# H1B Visa Query



## jarhead86 (Jun 6, 2014)

Hi 

Some consultant is sponsoring H1B visa for me, I have a question here. Though it is very difficult to get the Visa in the lottery. 

Consider I get selected in the lottery this year, and by some reason I could not go to US, what will happen to my H1B visa. Will the employer who sponsored it, will cancel it, or it will remain with me and I can go in the future.

If there is a provision and the employer cancels it, is there any impact on future eligibility to apply for any visa for US.


Regards


----------



## Davis1 (Feb 20, 2009)

H1b should only be applied for by the actual employer not a consultant..who are mostly scams ...

Job brokers steal wages and entrap Indian tech workers in US | US news | The Guardian


----------



## twostep (Apr 3, 2008)

Why do you not read up on H1B at the source which is USCIS.gov?

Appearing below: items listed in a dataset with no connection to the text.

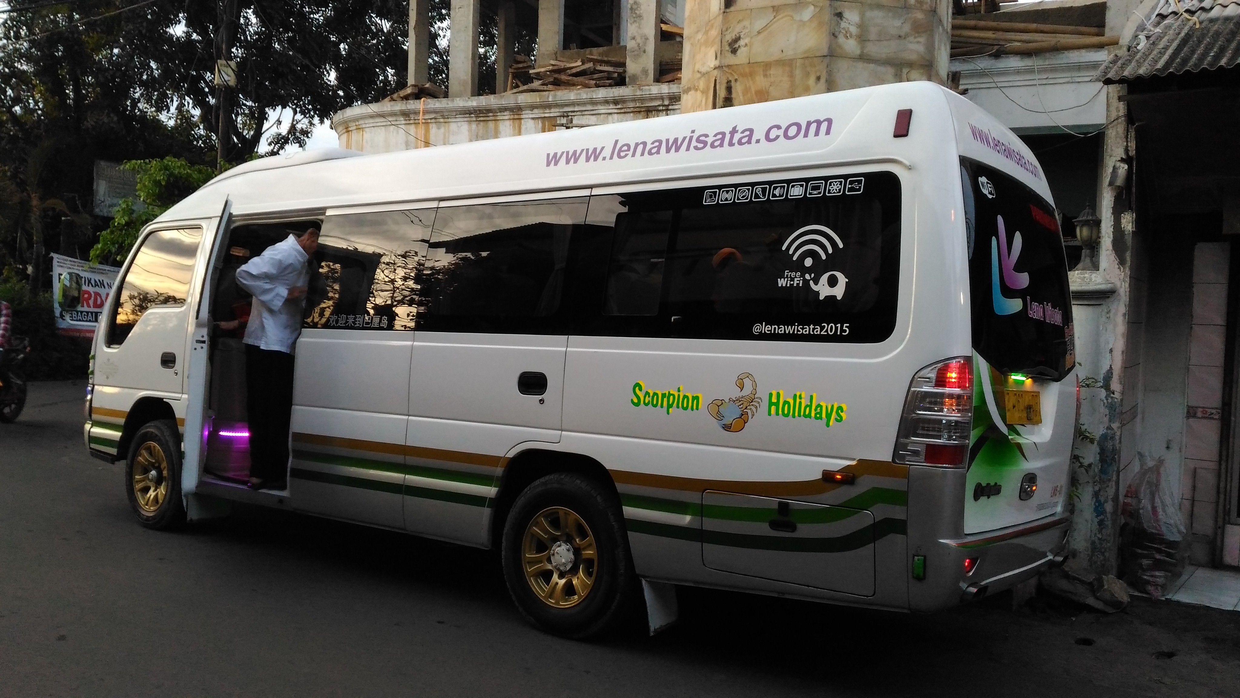 Mengunakan ELF Lenawisata dengan kapasitas 19 orang yang memiliki fasilitas lengkap dan cukup nyaman.
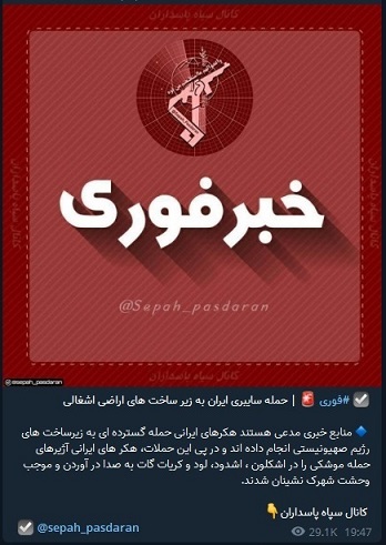 قالت قناة مقربة من الحرس الثوري إن قراصنة إلكترونيين إيرانيين تمكنوا من التسلل إلى أنظمة الطوارئ الإسرائيلية ما تسبب بإطلاق صافرات الإنذار في عدد من المستوطنات.
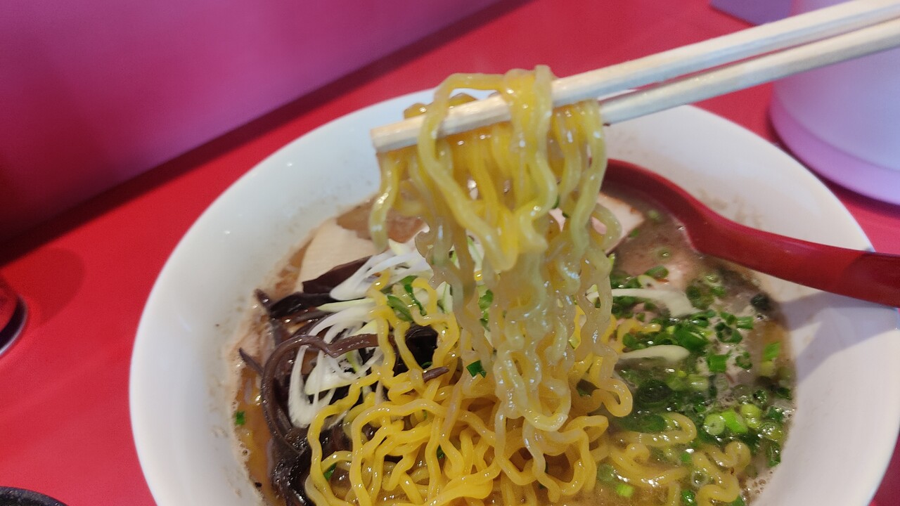 中太縮れ麺で結構脂っこいスープが絡まり、麺は気持ち硬め?コシのある麺で美味しく頂けます。
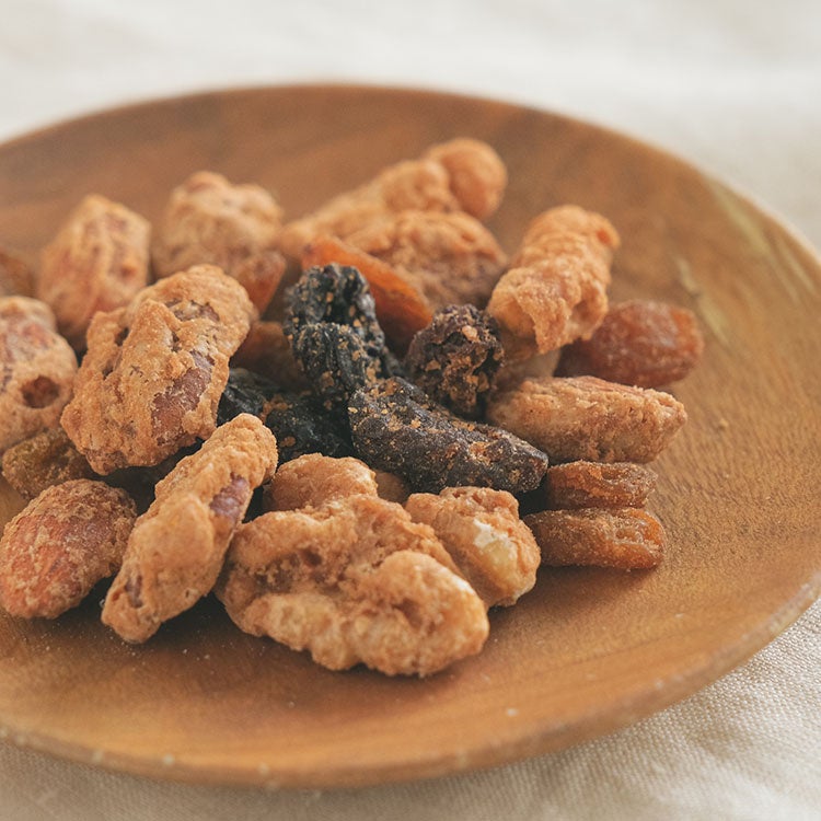 ドライフルーツやくるみをキャラメリゼしたミックス。弱火で少量ずつ加熱したことで、メープルシロップがナッツの1つ1つに甘く絡んでいます。

Consultancies are a big scam.


----------



## Bellthorpe (Jun 23, 2013)

This USCIS memorandum might explain further.


----------



## sweetmann27 (Feb 5, 2015)

Which consultancy you are referring to?




jarhead86 said:


> Hi
> 
> Some consultant is sponsoring H1B visa for me, I have a question here. Though it is very difficult to get the Visa in the lottery.
> 
> ...


----------